For each query create an Excel table ("Format as Table" in the Home ribbon). Then rename the table to match the query
name, e.g. if you created a sheet "Query_Recent_Sales", then the table should be named "Recent_Sales". Note that there
are limitations on table names, see [the documentation on renaming tables in Excel](https://support.microsoft.com/en-us/office/rename-an-excel-table-fbf49a4f-82a3-43eb-8ba2-44d21233b114).

The table needs
to have the right width for the query result, so if the query results in 9 columns, then the table should be 9 columns
wide -- the tool will add rows as needed, but it will not change the width of the table. No rows will be
deleted, so the table in the template should not contain data. Ideally it is only a header and a single empty data row.

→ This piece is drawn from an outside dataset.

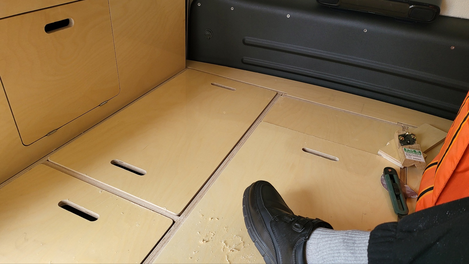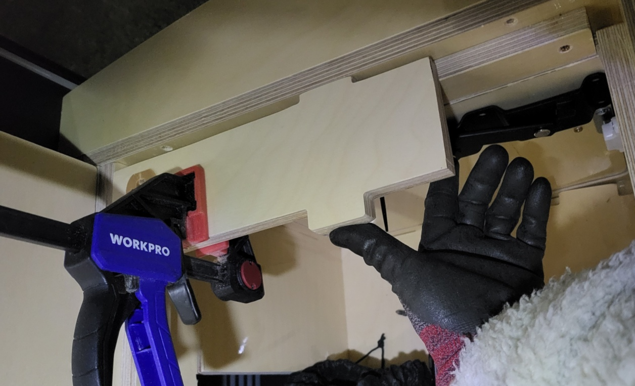 침상 에 힌지 부착할 부분이 없기에 추가로 침상 재료와 동일한 자작나무 합판 두께 15mm 잘라 힌지 장착할 곳에 먼저 부착해둔다.
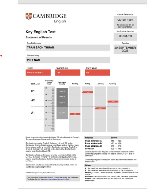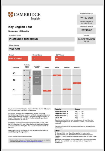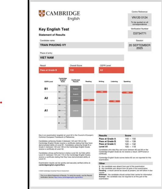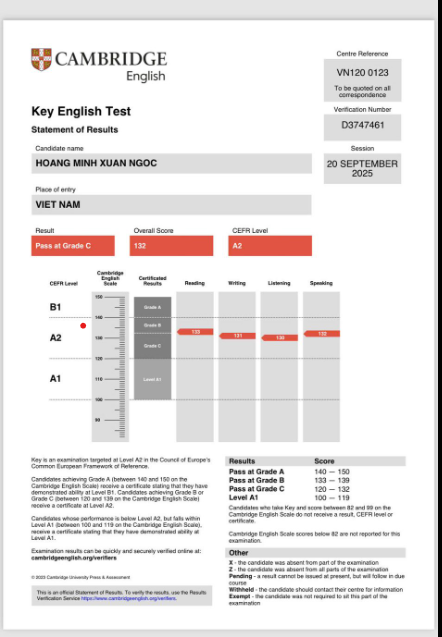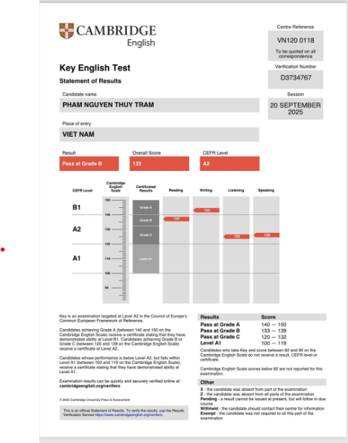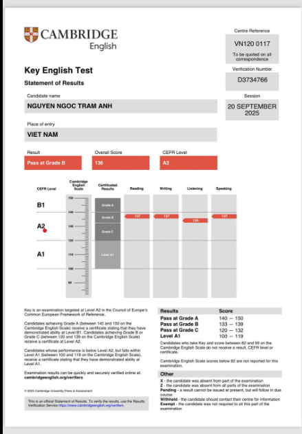 Trung tâm tự hào vinh danh 7 học viên tiêu biểu đã xuất sắc nhận được chứng chỉ KET trong đợt thi vừa qua. Cùng xem qua thành tích của các em!

You can also use named ranges
as targets, but tables produce nicer looking results and allow for easy sorting and filtering afterwards.

The target tables/ranges can be anywhere in the workbook, but the sheets named "Query_*" will be deleted after
the query was executed, so you need at least one more sheet for the output.

Once that is done, name the input template in the configuration file, give the output file a name, and run the tool
via this command:

```shell script
java -jar db2xls-bundle*.jar MY_CONFIG.conf
```

If you have more than one version of the tool, expand the `*` to the one you want to use.

Deployment
==========

To run the tool on another machine a Java 11+ runtime is required plus the following files:
* the bundle JAR file
* the configuration file
* the template file

Using other Database Systems
============================

If you need to query a database engine not supported out of the box, you also need the matching JDBC driver for this.
Most RDBMS offer such a driver. You then need to run the following command instead:

```shell script
java -cp db2xls-bundle*.jar:JBDC_DRIVER_FILE.jar de.peterbecker.xls.Db2XlsKt MY_CONFIG.conf
```

On Windows the separator has to be a semicolon instead of the colon. Alternatively you can edit `db2xls-bundle/pom.xml`
to tailor the JDBC drivers in the file -- you can remove any you don't need this way as well. Note that the ones
specified in this file will pick up a version from the `pom.xml` in the top folder, you will have to specify the
version when adding custom ones, but this can be done directly in `db2xls-bundle/pom.xml`.

Programmatic Use
================

The logic behind the command line tool is all behind a single method in the `db2xls` module:

```
de.peterbecker.xls.Db2Xls::runReports(..)
```

This operates on POI `Workbook` objects, it takes the template and a JDBC connection and returns the modified workbook.
Note that at the time of writing it will operate on the input, so the template will have to be copied or loaded before
each use.

The workbook objects can be written to any output stream, which can be used to upload files somewhere or to use them
as a response to a HTTP request.

The `kotlin-xls` library contains lower-level functions that are not relating to database interactions. This includes
the ability to write in-memory data into the named tables or ranges.

Limitations
===========

Excel does not reference named ranges or tables by their name, but the actual range. Whenever the range changes, all
charts and other visualizations need to be updated. This is currently not fully implemented. The following
visualizations are supported, others will not be updated to reflect the data loaded:

* Line Charts
* Pie Charts
* 3D Pie Charts
* Doughnut Charts

Please feel free to request support for others as needed.